Человек в длинном пальто и промокшей шляпе был сумасшедшим.
Его возраст давно перевалил сорокалетнюю отметку. Семьи у него не было. Есть ли у него дети, он не знал и не задумывался над этим. Жизнь его серая и тоскливая, как и теперешняя погода, не удалась. Молодость он помнил, но никогда не обращался к ней. Он уже давно жил только одной дурной идеей, которой он отдал всего себя без остатка.
Когда это произошло с ним и что послужило этому его поведению, узнать уже не представляется возможным. По всей видимости, это началось еще в институте.
В табуне идеальных учеников и студентов он не состоял, а присущие ему ненормальности уже в те далекие годы малозаметно, но проявлялись. Его одолевала одержимость в своем неверии науке, как таковой. Ему всегда казалось, что все как-то не правильно с этим в мире. Первое чем он удивил сокурсников, это попыткой доказать недоказуемое, а именно теорему Ферма. В своих выкладках он воспользовался оригинальным, в отличие от подавляющего большинства, подходом к решению теоремы. Во-первых, он не стал искать самого решения данному уравнению, а окунулся в поиск доказательства ее справедливости.
Не став тратить время на применение различных стандартных методов к решению данного уравнения, он предложил его графическое определение с помощью функций.

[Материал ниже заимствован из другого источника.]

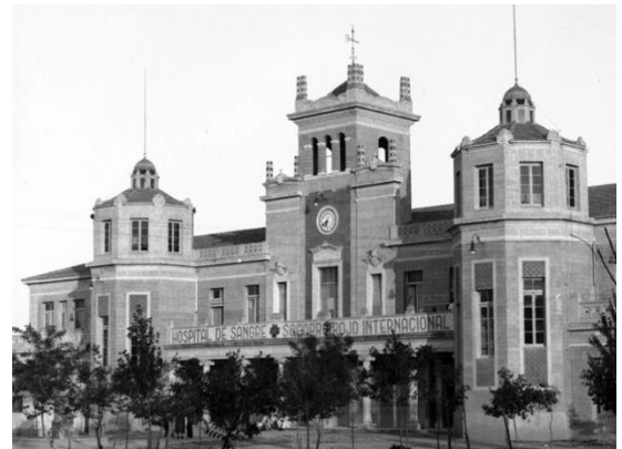
The current garden of the Music, in Elda, acted as war hospital for the International Brigades. Below, the war hospital of the Socorro Rojo Internacional in Monovar.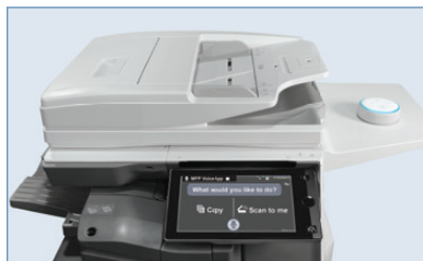
MX-4071 shown with available Sharp MFP Voice feature powered by Alexa.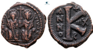
1251 Justin II and Sophia AD 565-578. Theoboupolis (Antioch) Half Follis or 20 Nummi Æ 24 mm, 6,97 g very fine From the Tareq Hani collection 10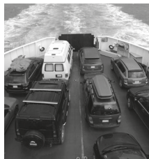
0 f erry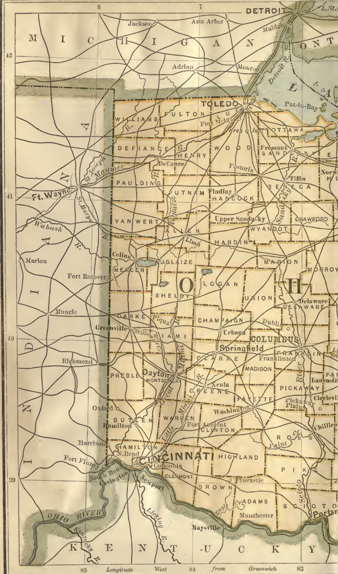
MATTHEWS, NORTHROP & CO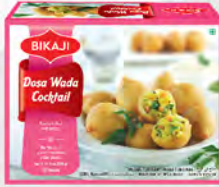
DOSA WADA COCKTAIL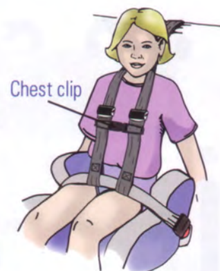
Passengers must use existing crotch straps to meet NHTSA guidelines.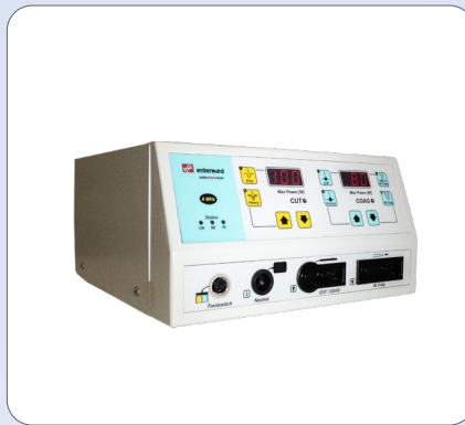
ESG-10-10-13 | ENTERWAVE MINI 4MHZ RADIO FREQUENCY GENERATOR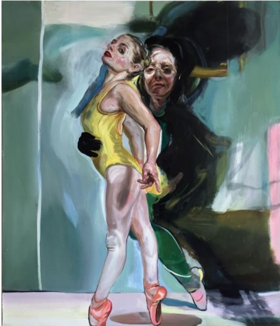
'Dancer I,' 2016-7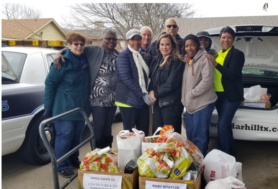
PACT Officers and Citizens on Patrol volunteers delivered Christmas meals to more than 20 Cedar Hill Food Pantry clients over the holiday season.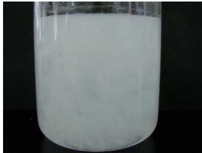
Very uniform dispersion of the fibers

WL-Bounce Adhesion has a FCM/Food Contact Material status - subject to auditing by proper authorities.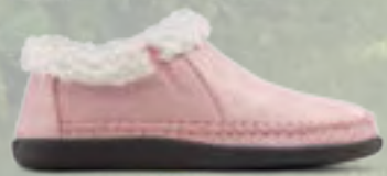
Indoor/Outdoor Slippers! (page 36) The Ultimate in Comfort!

И графики настырно вырисовывали ему суммы площадей при различных слагаемых каждого возведения в степень, безнравственно указывая на некую существующую между ними параллельность. Пользуясь правилами сложения-вычитания площадей и свойствами корней, он неожиданно наткнулся на очень интересную деталь этой загадки. В уравнении Ферма твердо стоит сумма, а в свойствах корней по какой-то причине выводится умножение. После этого ему осталось доказать самую малость, что дельта площадей при суммировании площадей, полученных отдельными функциями уравнения ни при каких числовых значениях не сможет быть равна дельте от произведения этих же площадей. Там как-то не согласуется степень возведения. Более того признаки параллельности исследуемых функций не давали надежд даже на подобие какого либо их пересечения, а не то что где-то имеет место точка пересечения, являясь решением уравнения Ферма.
После того, как его почти публично, высмеяли и, при этом, даже не подумали, каким бы то ни было образом разобраться в его доводах, он навсегда «ушел в себя».
А этот уход в иной, непривычный обычному мир, из зачатков душевного обозления вырастил в его сердце месть, основанную на желании стать сверхчеловеком.
К славе, в доступном для нас понимании, этот немолодой уже человек, относился более чем равнодушно, ибо понимал, что славу сделали искусственно для содержания государства любой одаренный славой, как правило, ей не соответствует, а редкие исключения отчего-то быстро уходят в мир иной. Состоявшихся гениев власть умышленно славит только тогда, когда они по самой сути уже безвредны и не представляют какой либо угрозы.
Изобрести что-нибудь такое, чтобы стать богатым или овладеть всем миром он не желал потому, что не считал это конечной задачей эволюции разума на земле.